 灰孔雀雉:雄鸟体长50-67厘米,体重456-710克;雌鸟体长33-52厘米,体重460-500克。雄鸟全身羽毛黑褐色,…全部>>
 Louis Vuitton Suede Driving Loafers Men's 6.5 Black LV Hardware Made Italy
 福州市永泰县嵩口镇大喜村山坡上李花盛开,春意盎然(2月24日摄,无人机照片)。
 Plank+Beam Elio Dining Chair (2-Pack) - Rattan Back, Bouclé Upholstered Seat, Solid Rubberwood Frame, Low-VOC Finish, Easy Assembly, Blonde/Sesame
--
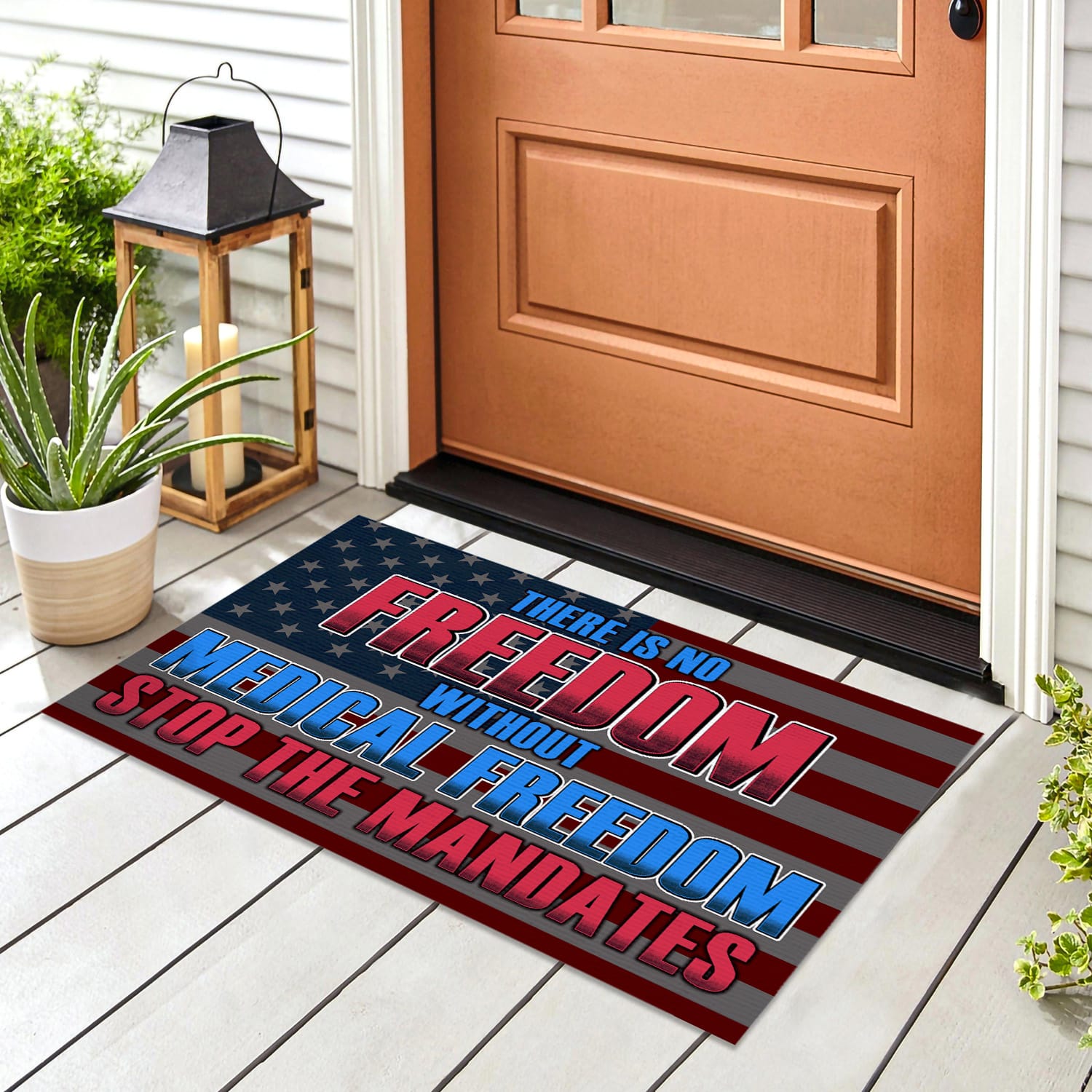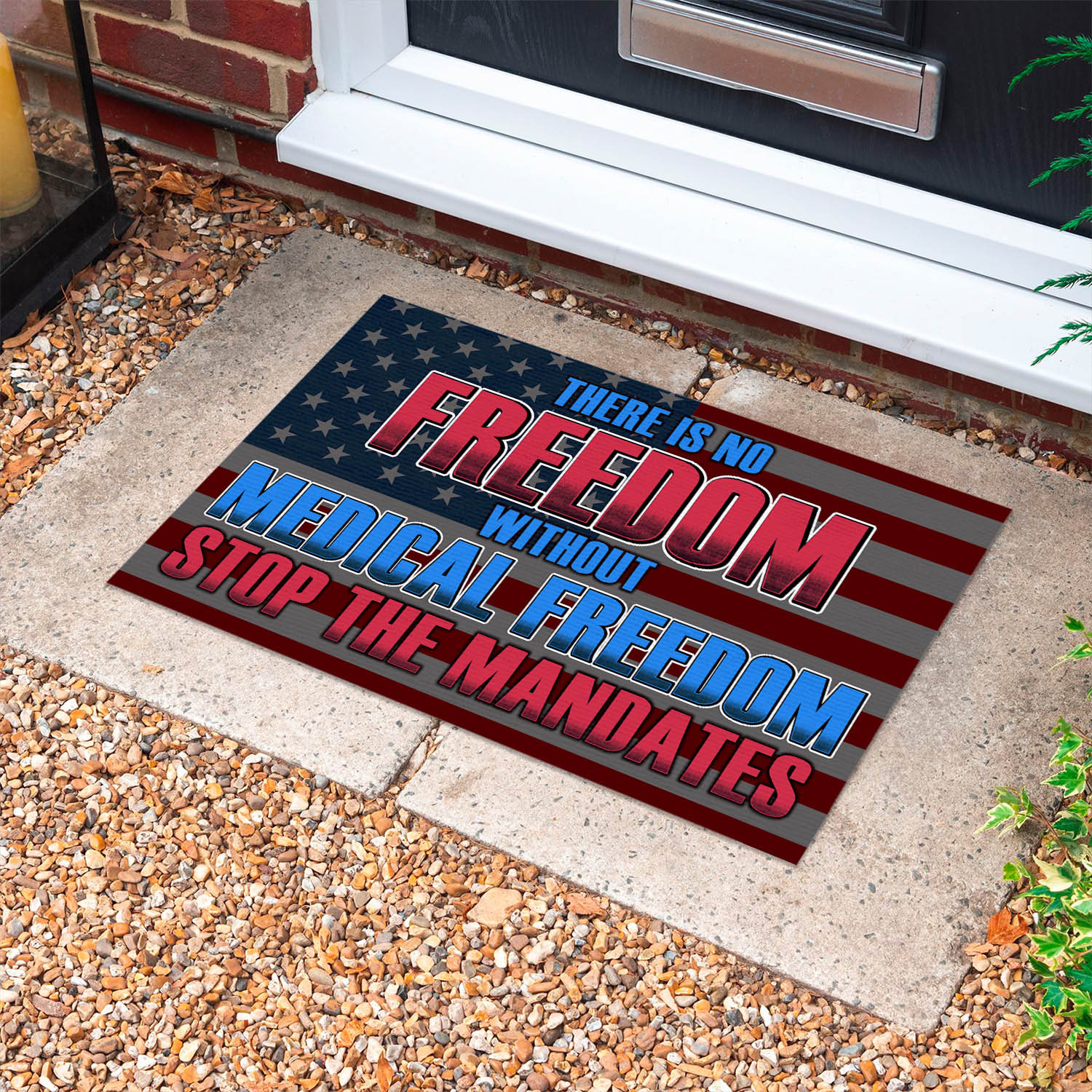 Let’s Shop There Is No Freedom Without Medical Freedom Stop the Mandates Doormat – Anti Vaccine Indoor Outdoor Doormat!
==
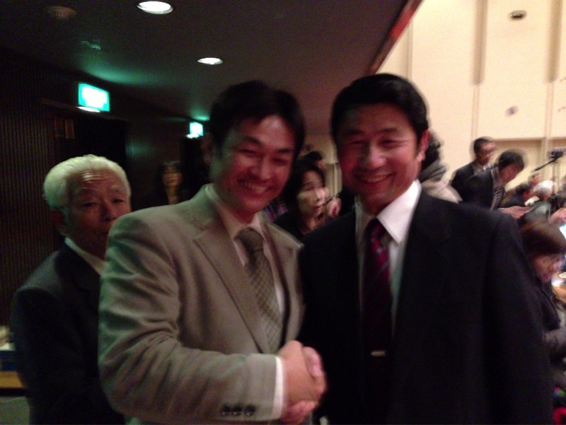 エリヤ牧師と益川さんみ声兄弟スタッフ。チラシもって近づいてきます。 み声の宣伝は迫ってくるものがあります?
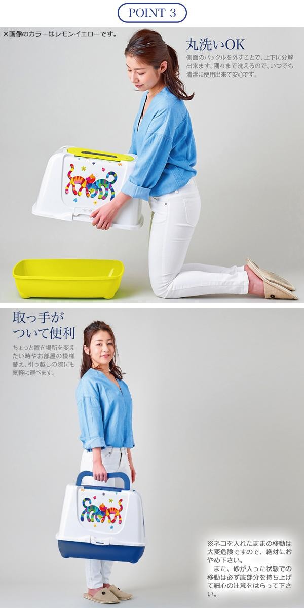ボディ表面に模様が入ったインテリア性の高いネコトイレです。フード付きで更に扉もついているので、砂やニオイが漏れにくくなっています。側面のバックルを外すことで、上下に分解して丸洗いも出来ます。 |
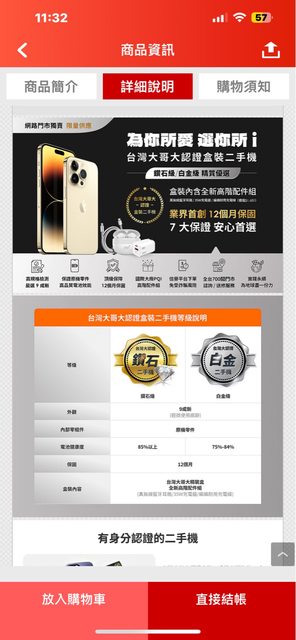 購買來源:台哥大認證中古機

§ GOAL OF THE EXERCISE
Please set down, exactly and with no pictures, the lines in the entries above starting at the one holding "ボディ表面に模様が入ったイン" and ending at the one holding "購買來源:台哥大認證中古機", ends included.

§ WRITTEN ANSWER
ボディ表面に模様が入ったインテリア性の高いネコトイレです。フード付きで更に扉もついているので、砂やニオイが漏れにくくなっています。側面のバックルを外すことで、上下に分解して丸洗いも出来ます。 |
 購買來源:台哥大認證中古機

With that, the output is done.